Now comfortable with whatever the camera lucida revealed to him, he drew Rome with abandon: Senators taking their baths; merchants selling olives from huge clay pots; dark-skinned Africans and red-haired Gaels being sold in the slave markets, their wrists and ankles in chains; crusaders passing through on their way to the Holy Land; the great dome going up, brick-by-brick, over St. Peters. Whatever period of time he concentrated on as he drew was what came alive through the prism when his sketch was finished.
One cold afternoon he sat sketching the Colosseum. He had just traced the rounded walls with their stacked arches when the camera lucida showed him throngs of Romans, milling about and waiting to see the day’s combat. Some were well-to-do citizens, most were plebians, poor and restless—the mobs Emperor Vespasian had built the Colosseum to mollify.
Foxx was sketching the Romans filing into the arena when a tall gladiator swaggered up out of the stone tunnels from beneath the Colosseum. The giant man walked along the flagstone street while the gathered crowd cheered, at least visibly.

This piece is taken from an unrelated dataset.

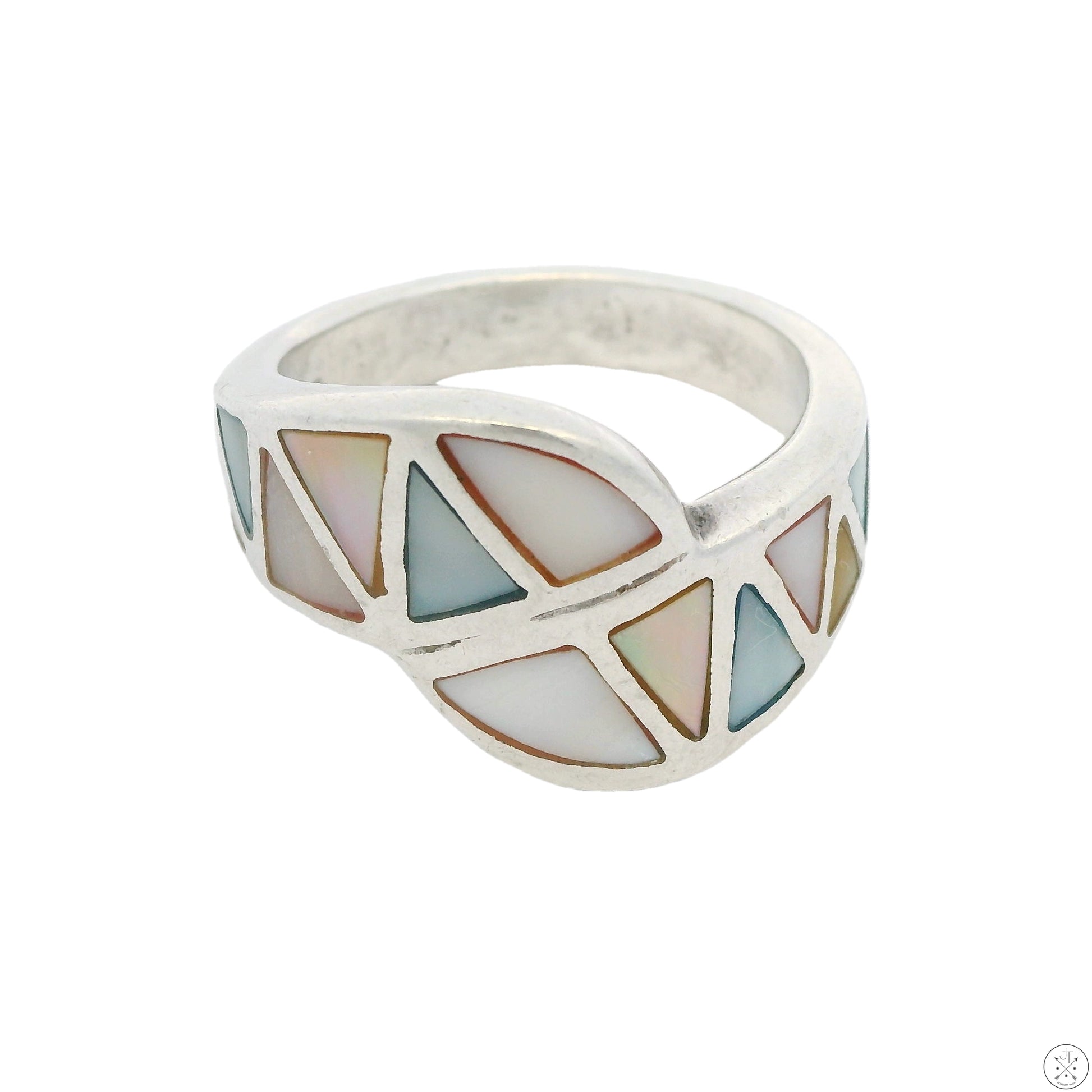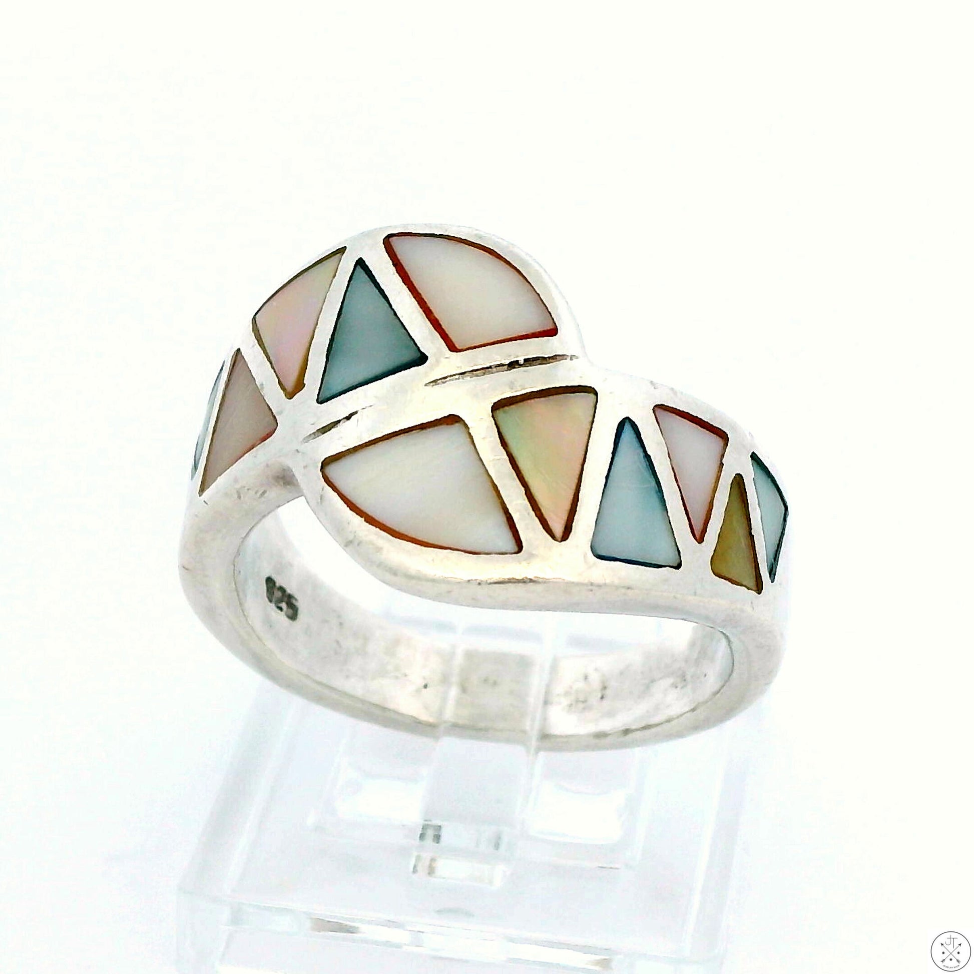 Vintage Sterling Silver Wide Band with Mother of Pearl Inlay Size 9

Foxx could, of course, hear nothing.
The gladiator’s strutting brought him near where Foxx sat, giving him a close-up view of the polished iron helmet pushed back on the fighter’s broad forehead. Foxx drew in the man’s leather and iron armor, the greaves strapped around his thick calves, the sandals on his feet. He could almost smell the dust and sweat as his pencil flicked and scratched, his memory capturing and filling in the details even after the gladiator disappeared back underneath the Colosseum.
A breeze twirled leaves around the legs of his drawing table as he sketched, and it was then, from the corner of his downcast eyes—out from beyond the perspective of the prism—that Foxx caught sight of the toes of a pair of fine leather boots.
He had grown used to people looking over his shoulder while he drew. Most only stared for a minute before moving on, occasionally commenting on his clever historical embellishments.
But today these boots stayed. Three minutes. Five. Then ten. Foxx was absorbed with the gladiator and soon forgot about the observer.
When he finally put down the pencil, the boots shuffled and a voice said, “I say. Very sorry to disturb, but that’s quite remarkable.”
Foxx looked up.
The man was tall, about his own age. English—his accent conveyed breeding and wealth. He was dressed expensively, an ivory-topped cane in one hand, a well-tailored coat over his shoulders.
“Thank you.”
“Your speculations on the attire of the Roman citizenry, and that gladiator, seem quite specific,” the man said, indicating the sketch. “An educated guess? Perhaps based on the displays in the museums?”